IDRA-21

1990s benzothiadiazide ampakine that potently slows AMPA receptor desensitization in vitro and improves memory in animals — but has never been tested in humans, has no GMP supply, and is structurally adjacent to compounds that lower seizure threshold. The modern equivalent that Dylan should consider instead is TAK-653 (clinical-trial grade ampakine with human safety data). IDRA-21 is research-chemistry trivia, not a serious option.

IDRA-21 is a benzothiadiazide that binds at an allosteric site on the AMPA-type ionotropic glutamate receptor distinct from the glutamate-binding orthosteric site. Glutamate still has to bind for the receptor to open; IDRA-21 just changes the receptor's behavior once it does:

• Slows desensitization: Normal AMPA receptors desensitize within ~10 ms of glutamate binding, terminating the postsynaptic current. IDRA-21 dramatically extends that window, so each glutamate release event produces a larger and longer Na+/K+ flux through the receptor.
• Net effect: Stronger glutamatergic transmission at any synapse where AMPA receptors carry the signal — most prominent in hippocampus and cortex, exactly the substrates of explicit memory and working memory.
• Downstream: Sustained AMPA activity drives Ca2+-permeable currents and BDNF transcription via CaMKII/CREB. This is the hypothesized basis for ampakine pro-cognitive and neurotrophic effects.
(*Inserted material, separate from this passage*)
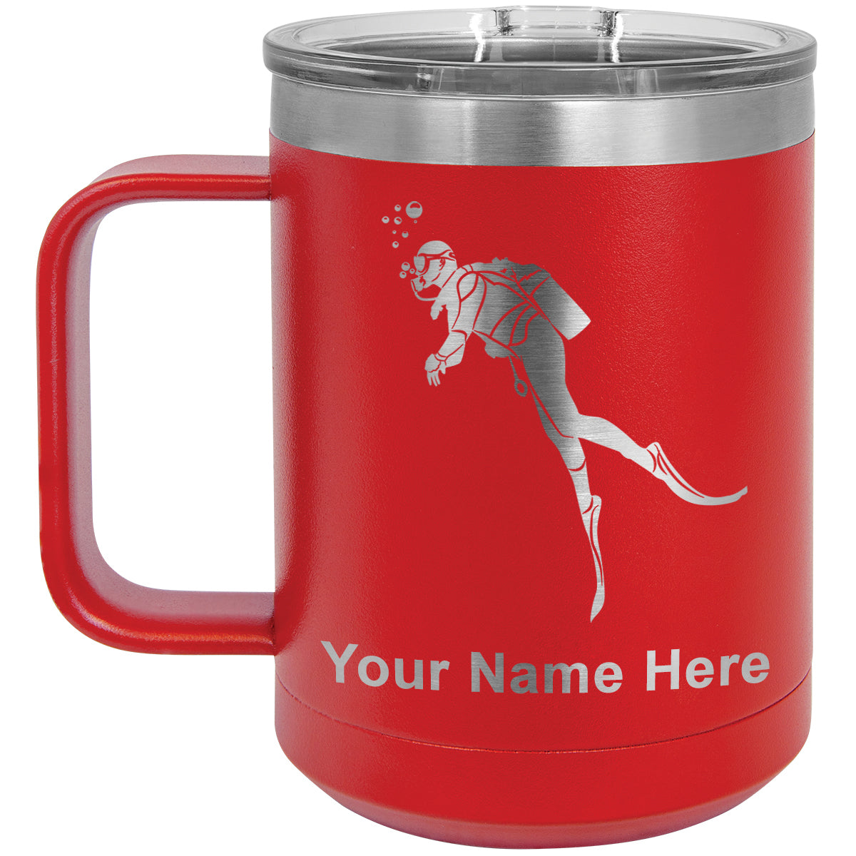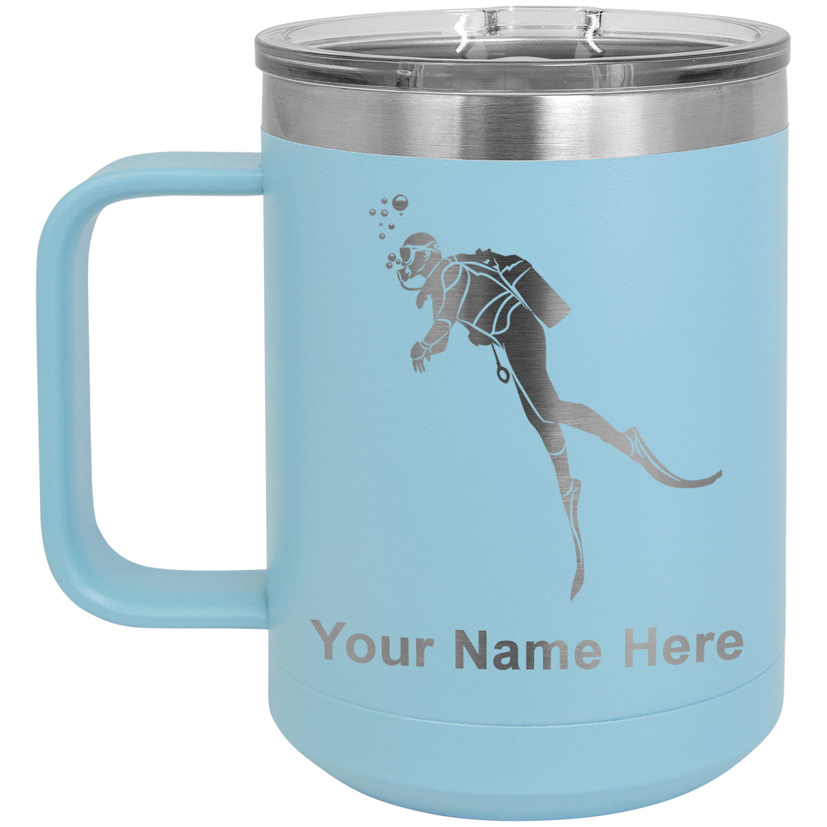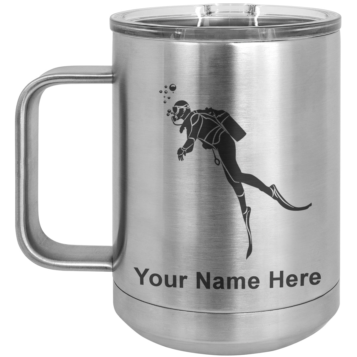 15oz Vacuum Insulated Coffee Mug, Scuba Diver, Personalized Engraving Included

Ampakines split into two classes by binding site:

• Type I ("low-impact"): e.g., CX-516, CX-717. Slow deactivation more than desensitization. Subtler EEG signature, lower seizure liability.
• Type II ("high-impact"): e.g., IDRA-21, cyclothiazide. Block desensitization aggressively. Larger pro-cognitive effect in animals BUT higher seizure liability — cyclothiazide is in fact used to induce epileptiform activity in slice preparations.

IDRA-21 sits in the high-impact camp — that is the source of its appeal AND its risk.